Comment 14 mreynolds 2013-01-24 21:39:26 UTC
Created attachment 687028 [details]
ldif of suffix to delete

Comment 15 mreynolds 2013-01-24 21:42:52 UTC
To reproduce the issue (with attached ldif's):

[1]  Do a silent install of 389 on a 32-bit machine

      In the info file, under [slapd], set "ds_bename = exmaple".  This must be set, and it must be something other than "userRoot"

[2]  ldapmodify ... ... -f /add.ldif

[3]  restart the server

[4]  ldapmodify ... ... -f /del.ldif

[5]  Crash

Comment 16 mreynolds 2013-01-24 21:45:04 UTC
This fix has been comitted upstream:  

6c855a8ce0de3c6b34594856762e68503da433fc

Comment 17 Rich Megginson 2013-10-01 23:25:31 UTC
moving all ON_QA bugs to MODIFIED in order to add them to the errata (can't add bugs in the ON_QA state to an errata).  When the errata is created, the bugs should be automatically moved back to ON_QA.

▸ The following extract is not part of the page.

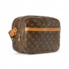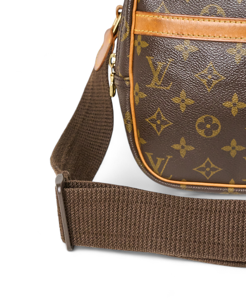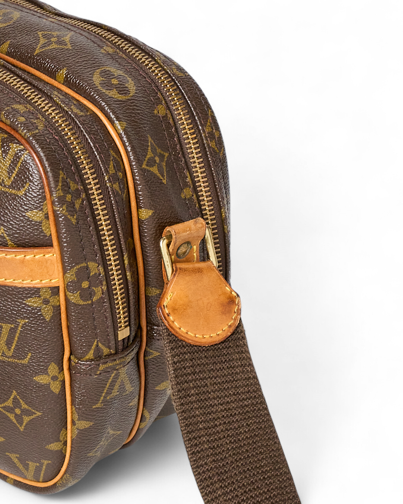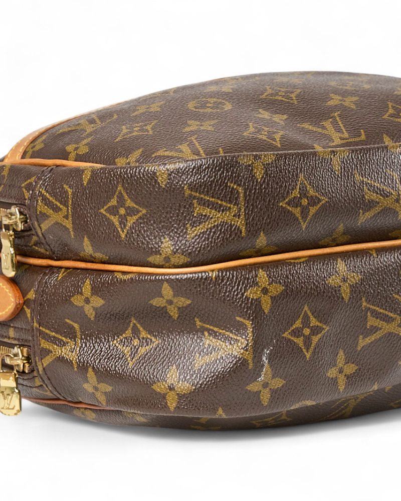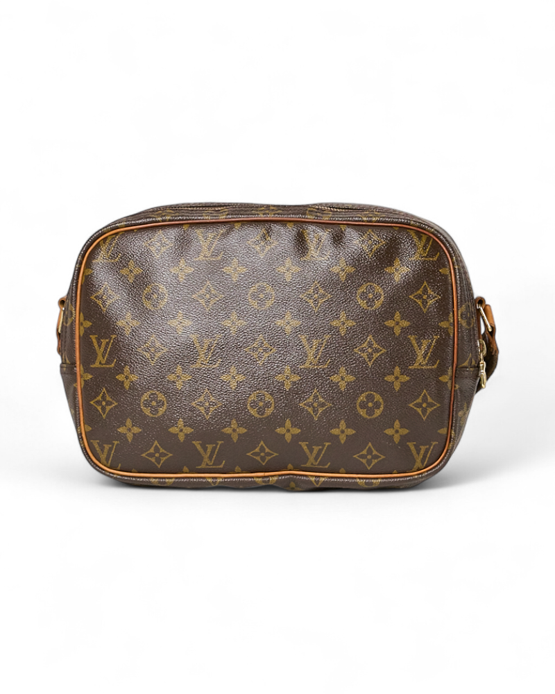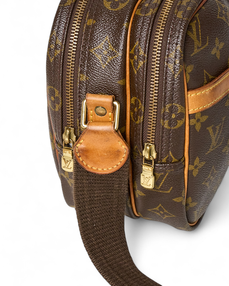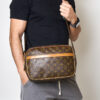 Borsa firmata Louis Vuitton, modello Reporter nella misura PM, realizzata in tela nella classica fantasia monogram con rifiniture in vacchetta e hardware dorato. Dotata di una doppia chiusura superiore a zip, internamente rivestita in tela beige con comoda tasca, la borsa è abbastanza capiente. Munita di una tracolla in tessuto regolabile per una comoda portata a spalla. Sulla parte frontale presenta una pratica tasca senza chiusura. L’articolo si presenta in buone condizioni.

Comment 19 Milan Kubík 2014-02-05 14:27:11 UTC
Verified as per instructions in comment 15.

# ldapmodify -x -D "cn=directory manager" -w Secret123 -f add.ldif >/dev/null 
# echo $?
0
# systemctl restart dirsrv@dstet
# ldapmodify -x -D "cn=directory manager" -w Secret123 -f del.ldif >/dev/null 
# echo $?
0
# tail /var/log/dirsrv/slapd-dstet/errors
[05/Feb/2014:09:18:47 -0500] - slapd shutting down - waiting for 29 threads to terminate
[05/Feb/2014:09:18:47 -0500] - slapd shutting down - closing down internal subsystems and plugins
[05/Feb/2014:09:18:47 -0500] - Waiting for 4 database threads to stop
[05/Feb/2014:09:18:47 -0500] - All database threads now stopped
[05/Feb/2014:09:18:47 -0500] - slapd stopped.
[05/Feb/2014:09:18:48 -0500] - 389-Directory/1.3.1.6 B2014.035.046 starting up
[05/Feb/2014:09:18:48 -0500] - slapd started.  Listening on All Interfaces port 389 for LDAP requests
[05/Feb/2014:09:19:06 -0500] - ldbm: Bringing TestMEntry offline...
[05/Feb/2014:09:19:06 -0500] - ldbm: removing 'TestMEntry'.
[05/Feb/2014:09:19:06 -0500] - Destructor for instance TestMEntry called

389-ds-base version:
389-ds-base-1.3.1.6-18.el7.i686
389-ds-base-libs-1.3.1.6-18.el7.i686
389-ds-base-libs-1.3.1.6-18.el7.x86_64

Comment 20 Ludek Smid 2014-06-13 12:45:58 UTC
This request was resolved in Red Hat Enterprise Linux 7.0.

Contact your manager or support representative in case you have further questions about the request.